Я открываю рот от удивления.
По периметру стен стоят стопки разнообразных картин. Они сняты со стен, чтобы освободить место для вызывающих ужас предметов.
Вонь в зале почти невыносима.
И это неудивительно.
Бальзамировавший стоящие в середине зала существа, должно быть, не был большим специалистом. Об этом говорит как запах разлагающегося мяса, так и нелепые позы, в которых застыли эти создания. Я с ужасом узнаю три существа, идентичные тем, которые напали на меня на дне мертвого бассейна.
Есть еще собака с тремя головами, две из которых маленькие, как опухоли: Цербер, который при жизни, должно быть, выл от боли при каждом движении, судя по странному изгибу его спинного хребта. Я стараюсь чересчур долго не смотреть на нее, а особенно — не смотреть на герцога. Но юноша просто слишком одержим, чтоб обращать на нас внимание. Он мечется от одной диковинки к другой, показывая на них пальцем, поглаживая этих уродов, как тело возлюбленной.
— Смотрите, вот это, видите? Это на прошлой неделе принесла мне команда охотников. Смотрите!
Нечто, уложенное на подстилку, обернуто прозрачным пластиком. Оно кажется медузой, пока не понимаешь, то этот огромный предмет — лицо, с глазами размером с блюдца.
— Захвачено на холмах недалеко от Пеннабили. Прекрасные охотники! В знак благодарности я освободил их поселение от дани на целый год.
Даже через пластик от экспоната исходит запах, ужасный до тошноты.
— Завтра Туччи начнет бальзамировать ее. Ты позволишь мне помочь тебе, Туччи?
— Как пожелаете, синьор герцог. Хоть я и считаю, что…
— Мне не терпится начать!
Внимание герцога рассеянно, поверхностно и готово отвлечься на любой пустяк.
— Вот там, смотрите! Это одна из жемчужин моей коллекции.
Кусок черного обгоревшего дерева напоминает индейский тотем. Он представляет собой фигуру свернувшейся клубком женщины. Маленькие чуть наметившиеся крылья видны на ее спине. Из вагины высовывается человеческая голова. И мать, и ребенок стиснули зубы от боли.

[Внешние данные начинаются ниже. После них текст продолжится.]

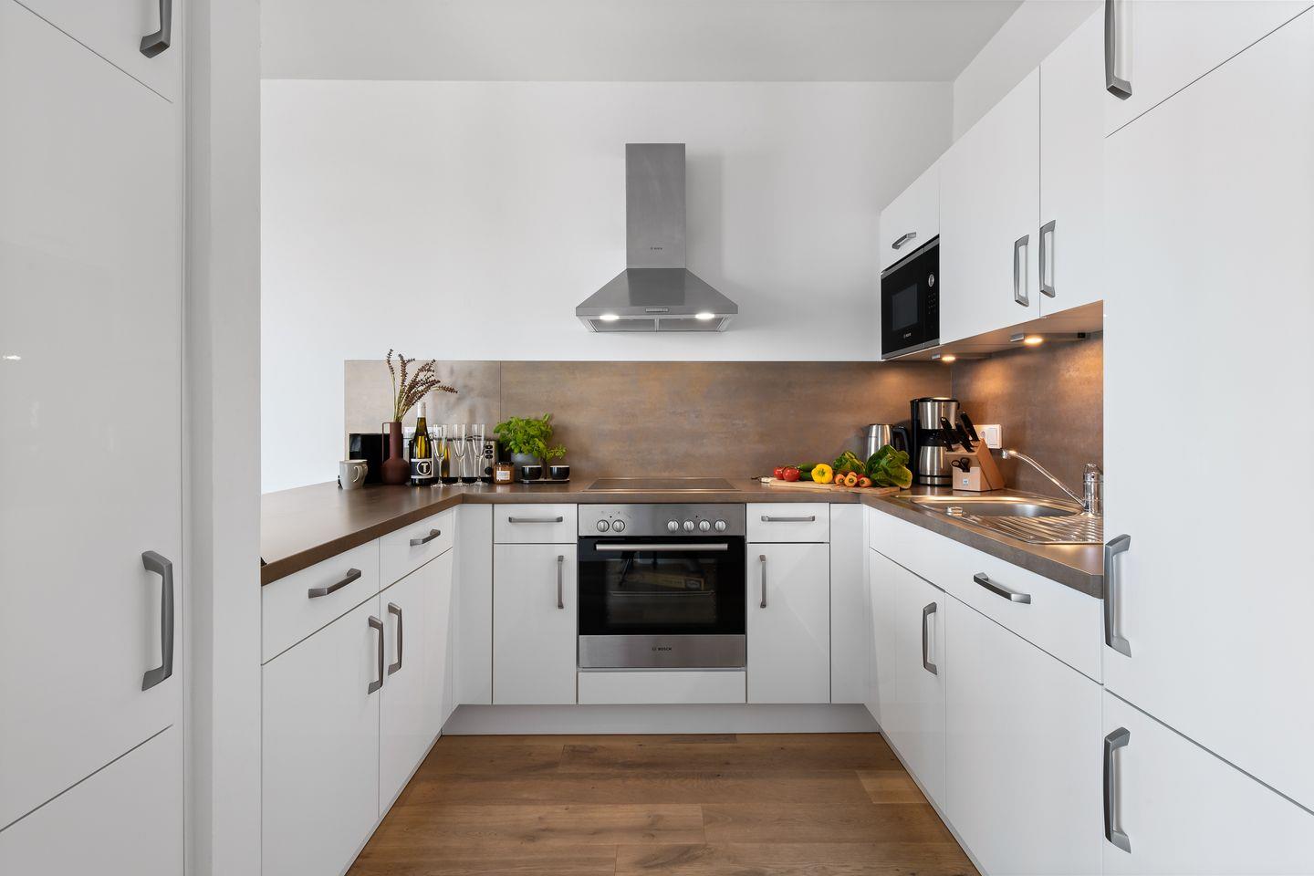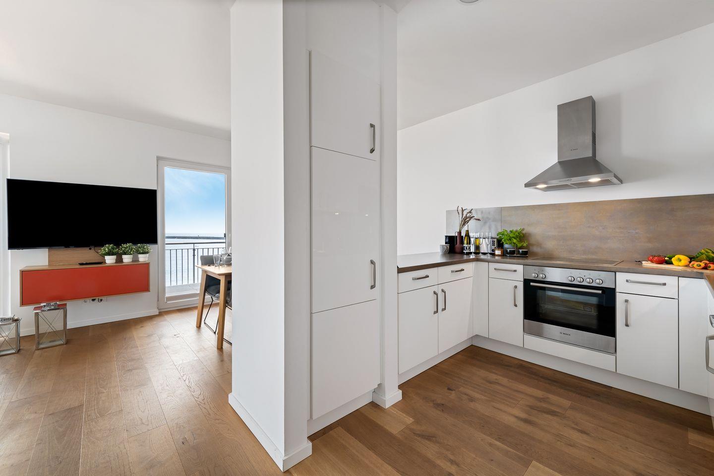 Vom Balkon lässt sich der Urlaubstag mit Meeresbrise in der Nase und einem dampfenden Kaffee in der Hand starten, während Segelschiffe vorbeiziehen. Der offen gestaltete Wohn- und Essbereich mit integrierter Küche und Panoramafront bietet den idealen Platz zum Beisammensein und Erholen.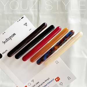 レトロなカラーマッチングのシンプルなアセテートカモノハシクリップ、女性用サイド前髪クリップ、気質ヘアクリップ、ヘアクリップ、ワンラインヘアクリップ

— Мы взяли ее в одном поселении каннибалов. Она была их богиней. Говорят, богиней плодородия.
— Или автоматом по продаже закусок, — иронически замечает Дюран.
Никто не смеется.
— Здесь поблизости есть поселения каннибалов? — спрашивает Адель.
— Были, — отвечает Туччи с хищной ухмылкой.
Мы медленно бродим среди экспонатов безумного музея. Не все они относятся к современности. Многие предметы, похоже, старинные. Например, черепаха, настолько лакированная, что кажется статуей, а не чем-то, некогда живым, или длинный рог нарвала.
Это похоже на кунсткамеру, на одно из тех собраний удивительных предметов, которые когда-то забавляли знать, способствуя стремительному упадку состояний. Здесь нет ничего, что имело бы на самом деле хоть какую-то ценность. Обычное собрание диковинок, bric-à-brac пустяков.
Заинтригованный, я приближаюсь к картинам, кое-как приваленным к стенам.
Вдруг у меня захватывает дыхание.
Я протягиваю дрожащие пальцы к «Мадонне» Рафаэля. А за ним Пьеро делла Франческа. А чуть дальше Тициан.
Я чувствую прикосновение руки к моему правому плечу.
— Я знаю, что ты думаешь, — шепчет Адель Ломбар. — Спокойно.
Я в ошеломлении смотрю на длинный порез, уродующий щеку Христа. На хлопья пыли, лежащие на холстах.
— Идемте! — восклицает Герцог. — Идемте!
Мы спускаемся все ниже на один, два, три пролета лестницы. Росписей на стенах здесь уже нет, только голые рыжеватые кирпичи, освещаемые светом фонариков. Все это похоже на гротескную сцену. Обреченные гости принца Просперо из рассказа Эдгара Аллана По «Маска Красной смерти». О чем там говорилось, в этом рассказе? О дворце, обнесенном высочайшими стенами, закрытом на стальную дверь, в котором принц и его придворные смеялись и танцевали, равнодушные к неумолимой заразе, разорявшей страну…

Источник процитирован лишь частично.